As the Federal Reserve’s Chairman Jerome Powell remarks, after a slight uptick in the first quarter of 2024, there has been “modest” progress made in curbing inflationary pressures. According to data released by the Bureau of Labor Statistics’ Consumer Price Index, US consumer costs remained steady. Annual inflation eased up by 3.3%, a modest dip from the previous month’s 3.4% increase.
Despite having “notably eased over the past couple of years,” according to Powell, the overall rate of inflation remains stubbornly above the Federal Reserve’s 2% target.
Following Powell’s comments were last week’s employment figures released by the Bureau of Labor Statistics. Unemployment rates crept higher, albeit modestly, reaching 4.1% in June. As the labor market’s pace slows, speculation is growing among both labor and financial circles that the Federal Reserve might consider lowering interest rates by as early as September.
According to Powell, the committee will not consider altering the federal funds rate until there is a consistent and prolonged improvement in inflation data over the next several months. Despite Thursday’s CPI report showing a further slowdown in inflation, it appears unlikely to sway the Federal Open Market Committee’s decision at its meeting later this month. Yields on short-term commercial paper have stabilized within a narrow range of 5.25% to 5.5% since July 2023, a goal rate maintained for an extended period.
Here’s why everyone is trying to read the tea leaves on Powell’s latest comments, and what it really means for your money?
As many as 5 to 7 interest rate cuts by the Federal Reserve could significantly impact your finances and investments.
The federal funds rate represents the interest rate at which banks lend or borrow money from each other on an overnight basis. As interest rates rise, financial institutions may respond by increasing fees on consumer products such as credit cards and loans, further escalating the cost of borrowing money. The Federal Reserve increased interest rates throughout 2022 and 2023 to curb the surge in inflation, which soared in response to the pandemic’s aftermath.
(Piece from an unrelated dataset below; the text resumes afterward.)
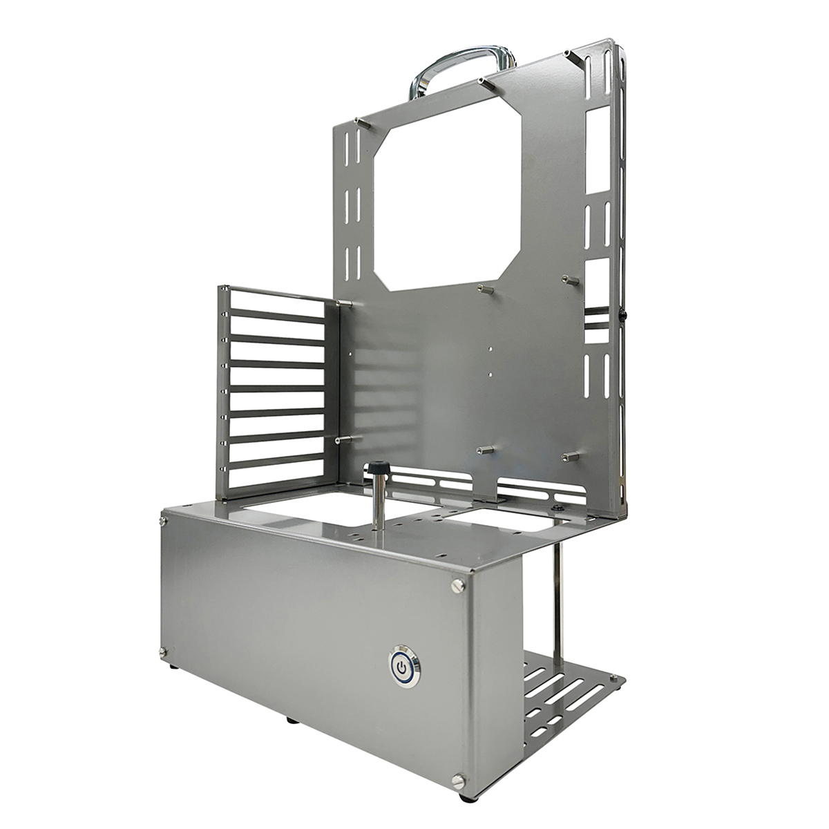 『オープンフレーム ver.ATX 侘び錆び』は、ATX、MicroATX、mini-DTX、mini-ITXといった多種多様なマザーボードに対応。持ち運びに便利な取っ手付きで、パーツの検証用PCフレームとしても利用可能だ。グラフィックボードの垂直設置(VGAステイ搭載)や水冷クーラー(最大360mm対応)の自由な配置を可能にする工夫が施されている。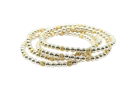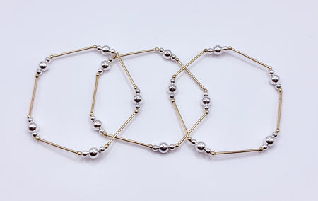 Our mixed metal bracelets blend the warmth of 14K gold-filled beads with the cool shine of sterling silver, creating a versatile look that complements any outfit. Each piece is handcrafted for effortless layering — striking the perfect balance between classic and modern.

Although the Fed may vote to cut the federal funds rate in September, the move could be more gradual than anticipated. One rate of interest adjustment alone is unlikely to significantly decrease your bank card’s Annual Percentage Rate (APR). When faced with high-interest debt, consider consolidating or refinancing your loans to achieve greater financial stability.
When you’re prepared to absorb the costs associated with buying a home, experts suggest focusing on credit score improvements instead? While it’s not typically a buyer’s market across much of the country, this dynamic can still yield opportunities to negotiate a more attractive price with an eager seller.
For individuals dedicated to building wealth through savvy financial decisions, consider leveraging higher-yielding accounts such as high-interest savings accounts or certificates of deposit (CDs) to accelerate the growth of their nest egg.